Но самое интересное было внутри хатки. На стене висела большая картина без рамы – предмет гордости всей семьи. На ней был изображен витязь, восседающий на мощном белом коне. Перед всадником был камень с надписью, прочесть которую по неграмотности малолетние зрители не могли. Копье всадника указывало на человеческие и конские кости, разбросанные у подножия камня.
Много позже довелось узнать, что картина эта была копией известного полотна Виктора Васнецова «Витязь на распутье». Копию сделал старший в семье сын – Виктор. Он занимался в кружке изобразительного искусства довоенного Дворца пионеров у Григория Кузьмича Бендрика, талантливого художника и педагога, последовательного приверженца реализма, воспринятого от своего учителя - известного украинского живописца Федора Григорьевича Кричевского. Конечно, эти подробности стали известны через много-много лет, когда Виктора уже не было в живых. А в ту пору, когда летали стрекозы среди цветков паутели, когда играл патефон, а верный страж Пират гремел цепью, было большим счастьем упросить кого-нибудь из обитателей хатки показать домашнюю реликвию – аккуратный фанерный ящичек дяди Вити. В нем помещались крохотные керамические ванночки с акварельными красками. Видно было, что красками пользовались – в одних ванночках он были почти не тронуты, в других – просвечивалось дно, некоторые заполняли ванночки наполовину.
Читайте также: О мариупольских детях, попавших в беду, рассказали в полиции
Виктор всплывает перед внутренним взором, как смешение образа юноши с буйной шевелюрой на пожелтевшей фотографии, прикрепленной к раме зеркала, побитой шашелем, ящичка с красками и, конечно, картины с витязем. Иное дело Надежда. Она отложилась в памяти вполне зримой. Суетливая, веселая, слегка сутулая – она только что окончила французское отделение института иностранных языков и вышла замуж за однокурсника – Исая. Голова Исая была увенчана копной иссиня-черных жестких курчавых волос. Он был весел, как и его молодая жена. Время от времени говорил взрослым что-то непонятное, отчего они хохотали, иногда до слез. Малышню же щекотал, приговаривая: «Немец, перец – колбаса». Это было последнее мирное лето перед войной. Война коснулась своим черным крылом, оставив трагические следы в судьбах каждого из четырех детей Оришки и Мирона…

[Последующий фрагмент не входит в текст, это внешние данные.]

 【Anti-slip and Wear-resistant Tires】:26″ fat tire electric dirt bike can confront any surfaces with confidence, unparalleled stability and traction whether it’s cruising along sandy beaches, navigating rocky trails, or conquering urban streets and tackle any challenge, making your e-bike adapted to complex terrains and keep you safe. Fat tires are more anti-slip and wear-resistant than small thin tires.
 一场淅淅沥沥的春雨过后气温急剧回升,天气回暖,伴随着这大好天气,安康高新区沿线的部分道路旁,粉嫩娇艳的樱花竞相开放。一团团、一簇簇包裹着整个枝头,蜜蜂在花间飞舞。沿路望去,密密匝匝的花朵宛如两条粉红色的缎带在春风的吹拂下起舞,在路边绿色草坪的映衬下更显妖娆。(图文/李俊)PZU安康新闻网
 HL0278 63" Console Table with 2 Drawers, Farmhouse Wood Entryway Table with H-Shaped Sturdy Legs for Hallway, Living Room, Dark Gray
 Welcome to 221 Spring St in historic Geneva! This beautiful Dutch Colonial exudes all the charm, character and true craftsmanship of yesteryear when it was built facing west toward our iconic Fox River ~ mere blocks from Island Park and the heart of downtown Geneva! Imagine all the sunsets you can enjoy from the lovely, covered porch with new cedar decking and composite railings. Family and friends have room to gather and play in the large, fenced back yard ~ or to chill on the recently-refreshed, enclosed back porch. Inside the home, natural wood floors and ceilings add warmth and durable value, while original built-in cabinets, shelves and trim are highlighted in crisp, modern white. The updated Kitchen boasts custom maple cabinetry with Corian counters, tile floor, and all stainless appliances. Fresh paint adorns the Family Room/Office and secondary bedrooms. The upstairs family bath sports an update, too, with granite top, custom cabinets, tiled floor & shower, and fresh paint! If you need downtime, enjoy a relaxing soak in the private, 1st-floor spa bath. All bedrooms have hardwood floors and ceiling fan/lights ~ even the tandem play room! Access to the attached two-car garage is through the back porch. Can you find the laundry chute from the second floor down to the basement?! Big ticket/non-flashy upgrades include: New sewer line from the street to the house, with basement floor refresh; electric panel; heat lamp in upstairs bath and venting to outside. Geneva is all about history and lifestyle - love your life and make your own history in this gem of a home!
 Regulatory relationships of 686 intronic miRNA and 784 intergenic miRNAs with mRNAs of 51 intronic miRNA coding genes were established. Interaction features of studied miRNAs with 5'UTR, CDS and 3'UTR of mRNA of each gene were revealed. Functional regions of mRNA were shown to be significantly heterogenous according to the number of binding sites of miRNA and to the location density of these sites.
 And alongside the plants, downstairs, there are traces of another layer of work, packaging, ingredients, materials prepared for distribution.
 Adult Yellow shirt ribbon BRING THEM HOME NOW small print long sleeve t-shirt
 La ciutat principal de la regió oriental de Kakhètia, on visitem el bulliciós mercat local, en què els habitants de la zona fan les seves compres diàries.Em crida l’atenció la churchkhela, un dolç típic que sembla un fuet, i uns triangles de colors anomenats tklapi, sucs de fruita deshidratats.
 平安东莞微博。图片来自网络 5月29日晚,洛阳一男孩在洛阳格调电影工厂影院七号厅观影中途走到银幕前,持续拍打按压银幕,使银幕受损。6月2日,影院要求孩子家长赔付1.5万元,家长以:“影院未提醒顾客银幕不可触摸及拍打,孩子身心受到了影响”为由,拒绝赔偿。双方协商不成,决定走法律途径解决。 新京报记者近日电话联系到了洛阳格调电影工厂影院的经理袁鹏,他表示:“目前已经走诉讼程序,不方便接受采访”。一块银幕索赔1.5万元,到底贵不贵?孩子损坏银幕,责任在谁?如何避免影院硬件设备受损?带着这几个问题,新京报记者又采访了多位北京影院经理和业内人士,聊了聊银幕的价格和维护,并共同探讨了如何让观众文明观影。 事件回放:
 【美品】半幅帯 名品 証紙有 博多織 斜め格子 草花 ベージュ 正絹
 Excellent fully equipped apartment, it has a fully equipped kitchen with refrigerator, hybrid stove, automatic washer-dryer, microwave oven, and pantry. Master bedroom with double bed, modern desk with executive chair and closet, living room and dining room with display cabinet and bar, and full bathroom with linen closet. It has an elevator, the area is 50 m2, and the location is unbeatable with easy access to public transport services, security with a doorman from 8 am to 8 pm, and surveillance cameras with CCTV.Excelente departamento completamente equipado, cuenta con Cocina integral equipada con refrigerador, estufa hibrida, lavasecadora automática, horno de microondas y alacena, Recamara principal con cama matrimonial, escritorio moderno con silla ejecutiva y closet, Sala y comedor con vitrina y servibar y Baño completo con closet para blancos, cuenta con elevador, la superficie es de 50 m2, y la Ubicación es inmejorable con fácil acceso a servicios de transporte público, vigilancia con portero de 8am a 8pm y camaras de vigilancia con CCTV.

Виктор. В 1940 году он был призван в Красную армию с третьего курса Ленинградского института живописи, скульптуры и архитектуры. Часть, в которой он служил, в первые же дни Отечественной войны вступила в тяжелые неравные бои с вооруженным до зубов врагом. Потом было отступление, Виктор уцелел в кровопролитных сражениях. В начале мая 1942 года войска Южного и Юго-Западного фронтов предприняли попытку освободить Харьков. Харьковская наступательная операция провалилась. Соединения и части Красной армии были окружены, только малая их часть вырвалась из кольца. Около 240 тысяч солдат были пленены. Среди них был и Виктор. Три года концентрационных лагерей, неимоверно тяжелый труд, полуголодное существование, издевательства. Наконец в апреле 1945 года – свобода. Это Виктор думал, что дожил до свободы. Советский фильтрационный лагерь. Особист, проверявший бывшего рядового военно-топографического отряда, усмотрел его вину в том, что он остался жив в провалившейся Харьковской операции. Приговор трибунала был скор – десять лет лагерей… Колыма. Виктору повезло – он хорошо чертил, рисовал. Через пять лет каторжных работ на золотых приисках его перевели чертежником в строительную часть лагеря. Это-то и сохранило ему жизнь. Он вышел на волю вскоре после кончины Сталина. Устроился на работу в Воронежский заповедник. Изучал жизнь и поведение бобров. Написал книгу воспоминаний о пережитом в лагерях. Безуспешно пытался ее опубликовать. Виктор ушел из жизни, когда ему перевалило едва за шестьдесят…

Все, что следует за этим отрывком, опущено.